An Overview of Knowledge Discovery Database
and Data mining Techniques

Priyadharsini.C; Dr. Antony Selvadoss Thanamani

An Overview of Knowledge Discovery Database and Data mining Techniques

Priyadharsini.C¹ and Dr. Antony Selvadoss Thanamani²

M.Phil, Department of Computer Science, NGM College, Pollachi, Coimbatore, Tamilnadu, India
HOD, Department of Computer Science, NGM College, Pollachi, Coimbatore, Tamilnadu, India

Related article at Pubmed, Scholar Google

Visit for more related articles at International Journal of Innovative Research in Computer and Communication Engineering

Abstract

Data mining is used to find or generate new useful information’s from large amount of data base. It is a process of extracting previously unknown and processable information from large databases and using it to make important business decisions. Several emerging applications in information providing services, such as data warehousing and on-line services over the Internet, also call for various data mining and knowledge discovery techniques to understand user behavior better, to improve the service provided, and to increase the business opportunities Of an overview of knowledge discovery database and data mining.

Keywords

KDD–Knowledge Discovery in Data base, data mining process.

INTRODUCTION

In real-time information technology has generated and used large amount of databases and stored huge data in various areas. The research in databases and information technology has given rise to an approach to store and manipulate this precious data for further decision making [1]. Data mining is a process of extracting previously unknown and process able information from large databases and using it to make important business decisions. It is also called as knowledge discovery process, Data mining should be used exclusively for the discovery stage of the KDD process

KNOWLEDGE DISCOVERY DATABASE

Data mining is the core part of the knowledge discovery process. In this, process may consist of the following steps Data selection, Data cleaning, Data transformation, pattern searching (data mining), finding presentation, finding interpretation and finding evaluation. The data mining and KDD often used interchangeably because Data mining is the key part of KDD process. The term Knowledge Discovery in Databases or KDD for short, refers to the broad process of finding knowledge in data, and emphasizes the "high-level" application of particular data mining methods. It is of interest to researchers in machine learning, pattern recognition, databases, statistics, artificial intelligence, knowledge acquisition for expert systems, and data visualization. The unifying goal of the KDD process is to extract knowledge from data in the context of large data bases. It does this by using data mining methods(algorithms) to extract (identify) what is deemed knowledge, according to the specifications of measures and thresholds, using a database along with any required preprocessing, sub sampling, and transformations of that database.

The KDD Process

The knowledge discovery process is iterative and interactive, consisting of nine steps [3].Note that the process is iterative at each step, meaning that moving back to previous steps may be required .So it is required to understand the process and the different needs and possibilities in each step. A typical knowledge discovery process is shown in figure 1, and the process is elaborated in each step.

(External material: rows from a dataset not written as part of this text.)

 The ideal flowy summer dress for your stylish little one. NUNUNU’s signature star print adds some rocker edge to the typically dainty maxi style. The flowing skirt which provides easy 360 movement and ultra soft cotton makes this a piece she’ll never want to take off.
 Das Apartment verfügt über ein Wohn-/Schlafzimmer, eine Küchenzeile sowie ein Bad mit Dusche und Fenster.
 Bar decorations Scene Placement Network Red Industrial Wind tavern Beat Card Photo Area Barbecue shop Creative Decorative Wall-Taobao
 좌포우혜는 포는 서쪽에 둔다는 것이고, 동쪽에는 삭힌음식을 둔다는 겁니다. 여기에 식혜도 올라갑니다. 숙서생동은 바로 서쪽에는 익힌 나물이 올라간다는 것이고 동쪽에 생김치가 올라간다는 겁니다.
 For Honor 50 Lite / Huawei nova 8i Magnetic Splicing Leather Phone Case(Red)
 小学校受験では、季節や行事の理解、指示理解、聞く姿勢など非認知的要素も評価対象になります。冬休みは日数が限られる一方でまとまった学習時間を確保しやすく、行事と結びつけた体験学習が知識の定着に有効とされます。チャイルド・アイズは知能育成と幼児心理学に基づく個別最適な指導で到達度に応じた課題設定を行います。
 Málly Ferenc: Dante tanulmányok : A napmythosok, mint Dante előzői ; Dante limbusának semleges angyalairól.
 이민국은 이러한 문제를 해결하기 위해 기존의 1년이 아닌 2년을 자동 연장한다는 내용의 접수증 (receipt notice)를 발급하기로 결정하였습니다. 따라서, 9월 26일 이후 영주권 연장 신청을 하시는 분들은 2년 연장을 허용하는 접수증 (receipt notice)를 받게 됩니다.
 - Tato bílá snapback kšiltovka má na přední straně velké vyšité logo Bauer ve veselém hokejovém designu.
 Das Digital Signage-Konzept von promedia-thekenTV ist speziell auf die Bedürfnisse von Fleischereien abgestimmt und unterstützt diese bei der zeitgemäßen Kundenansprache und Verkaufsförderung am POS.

• Developing an understanding of the application domain

• Selecting and creating a data set on which discovery will be performed.

• Preprocessing and cleansing.

• Choosing the appropriate Data Mining task.

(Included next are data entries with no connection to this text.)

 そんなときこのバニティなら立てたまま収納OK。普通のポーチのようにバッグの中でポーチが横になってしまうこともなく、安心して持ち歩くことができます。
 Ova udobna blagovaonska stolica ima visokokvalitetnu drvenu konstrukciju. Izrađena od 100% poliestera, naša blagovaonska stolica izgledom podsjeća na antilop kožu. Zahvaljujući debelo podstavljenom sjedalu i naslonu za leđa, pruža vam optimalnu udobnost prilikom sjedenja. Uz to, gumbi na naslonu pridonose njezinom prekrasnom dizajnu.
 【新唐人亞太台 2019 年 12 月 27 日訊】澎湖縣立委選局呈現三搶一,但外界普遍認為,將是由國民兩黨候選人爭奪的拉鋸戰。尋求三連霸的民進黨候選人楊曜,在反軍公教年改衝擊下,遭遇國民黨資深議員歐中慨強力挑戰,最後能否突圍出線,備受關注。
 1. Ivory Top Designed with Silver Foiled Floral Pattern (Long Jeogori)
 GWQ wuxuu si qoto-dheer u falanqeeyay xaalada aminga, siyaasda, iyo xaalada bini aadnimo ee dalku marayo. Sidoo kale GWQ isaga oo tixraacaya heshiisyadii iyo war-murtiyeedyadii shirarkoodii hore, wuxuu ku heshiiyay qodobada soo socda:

• Choosing the Data Mining algorithm.

• Employing the Data Mining algorithm.

• Evaluation.

• Using the discovered knowledge.

The terms knowledge discovery and data mining are distinct. KDD refers to the overall process of discovering useful knowledge from data. It involves the evaluation and possibly interpretation of the patterns to make the decision of what qualifies as knowledge. It also includes the choice of encoding schemes, preprocessing, sampling, and projections of the data prior to the data mining step. Data mining refers to the application of algorithms for extracting patterns from data without the additional steps of the KDD process.

DATA MINING

Data mining is the process of discovering actionable information from large sets of data [4]. Data mining uses mathematical analysis to derive patterns and trends that exist in data. These patterns and trends can be collected and defined as a data mining model. Mining models can be applied to specific scenarios, such as

Forecasting: Estimating sales, predicting server loads or server downtime

Risk and probability: Choosing the best customers for targeted mailings, determining the probable break-even point for risk scenarios, assigning probabilities to diagnoses or other outcomes

Recommendations: Determining which products are likely to be sold together, generating recommendations

Finding sequences: Analyzing customer selections in a shopping cart, predicting next likely events

Grouping: Separating customers or events into cluster of related items, analyzing and predicting affinities.

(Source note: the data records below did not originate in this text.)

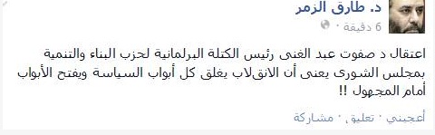 وقال الزمر فى تغريدة عبر صفحته على "تويتر":اعتقال د صفوت عبد الغنى رئيس الكتلة البرلمانية لحزب البناء والتنمية بمجلس الشورى يعنى أن اﻻنقﻻب يغلق كل أبواب السياسة ويفتح اﻷبواب أمام المجهول !!
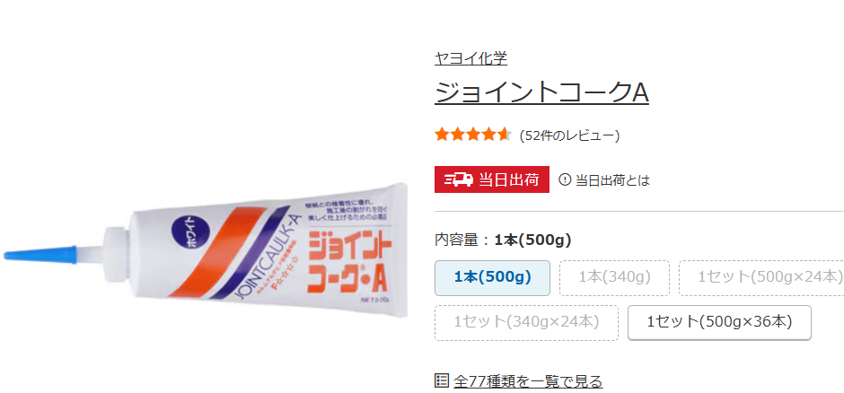 この補修作業は自分で行うことが出来、ホームセンターで市販されている「ジョイントコーク(ホワイト)¥600~700」を用いて簡単に行うことが出来ます。
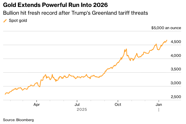 由于唐纳德·特朗普总统加紧推动收购格陵兰,引发了美国与欧洲之间可能爆发破坏性贸易战的担忧,黄金和白银价格飙升至历史新高。
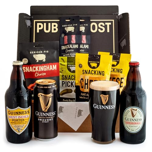 Serious Pig + Guinness Gift Set with Official Guinness Glass and Gourmet Pub Snacks (10 Pack)
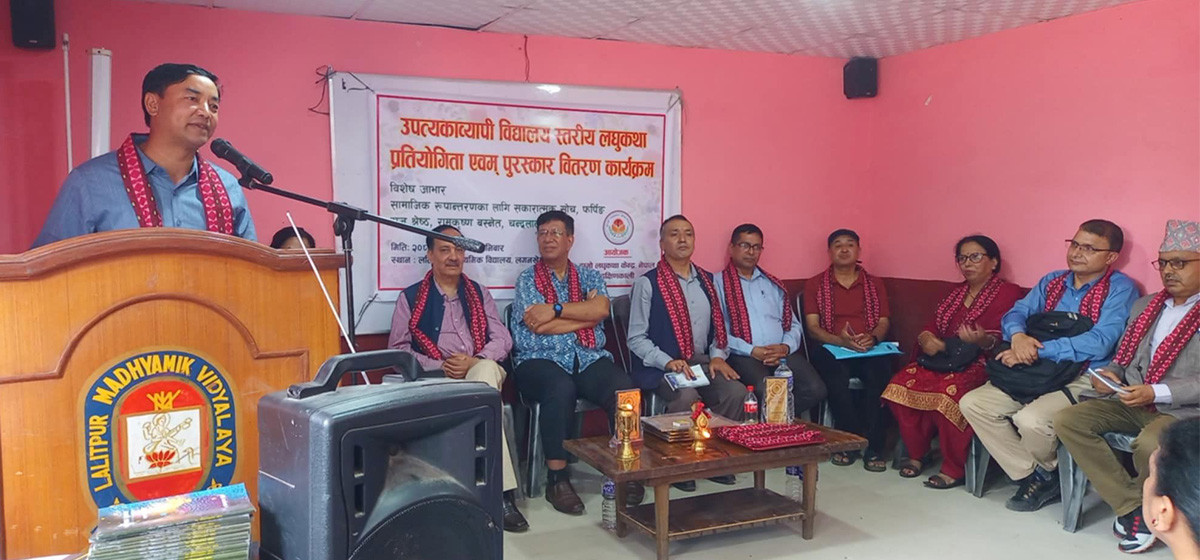 हाम्रो लघुकथा केन्द्र, लघुकथा प्रतियोगिताकाे माध्यमबाट विद्यालय स्तरमा पुगेकाे छ।हाम्रो लघुकथा केन्द्र, दक्षिणकालीले उपत्यकाव्यापी माध्यमिक विद्यालय स्तरीय लघुकथा प्रतियोगिताको नतिजा सार्वजनिक गरी पुरस्कार प्रदान गरेको छ।
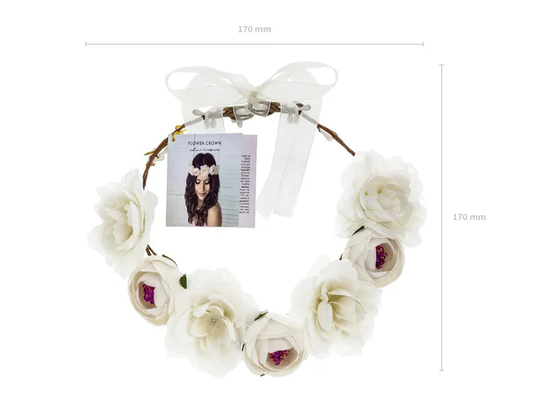 Blomkrona i vitt med en diameter på ca 17 cm. Perfekt som accessoar till maskerad, fest eller utklädnad. Blommorna är ej äkta.
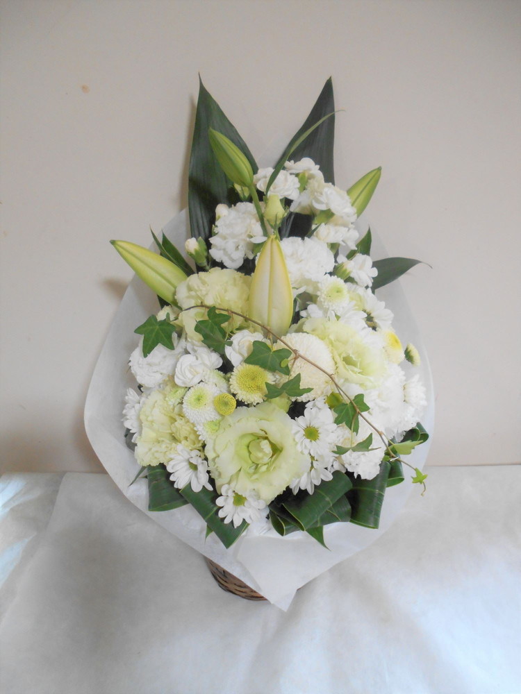 お悔やみ お供えの花 供花 (白ユリをメインにホワイト&グリーンでまとめたバスケットアレンジ)
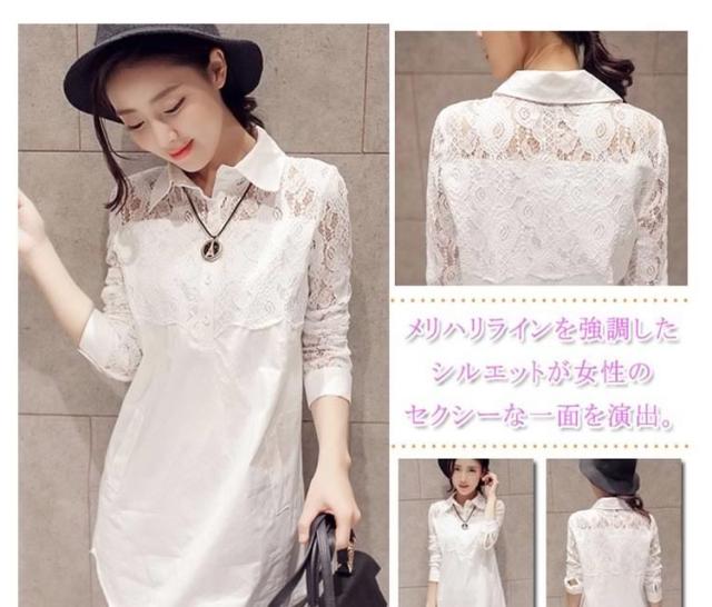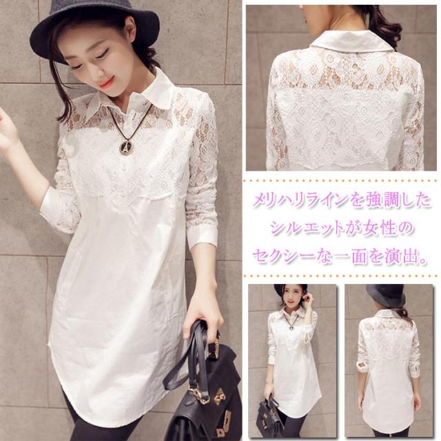 ロングシャツ ホワイトシャツ レディース レース ワンピース

Building a mining model is part of a larger process that includes everything from asking questions about the data and creating a model to answer those questions, to deploying the model into a working environment [6]. This process can be defined by using the following basic steps:

• Defining the Problem

• Preparing Data

• Exploring Data

• Building Models

• Exploring and Validating Models

DATA MINING TECHNIQUES

There are several major data mining techniques have been developed and used in data mining projects recently including association, classification, clustering, prediction and sequential patterns[2].

Association

Association is one of the best known data mining technique. In association, a pattern is discovered based on a relationship of a particular item on other items in the same transaction.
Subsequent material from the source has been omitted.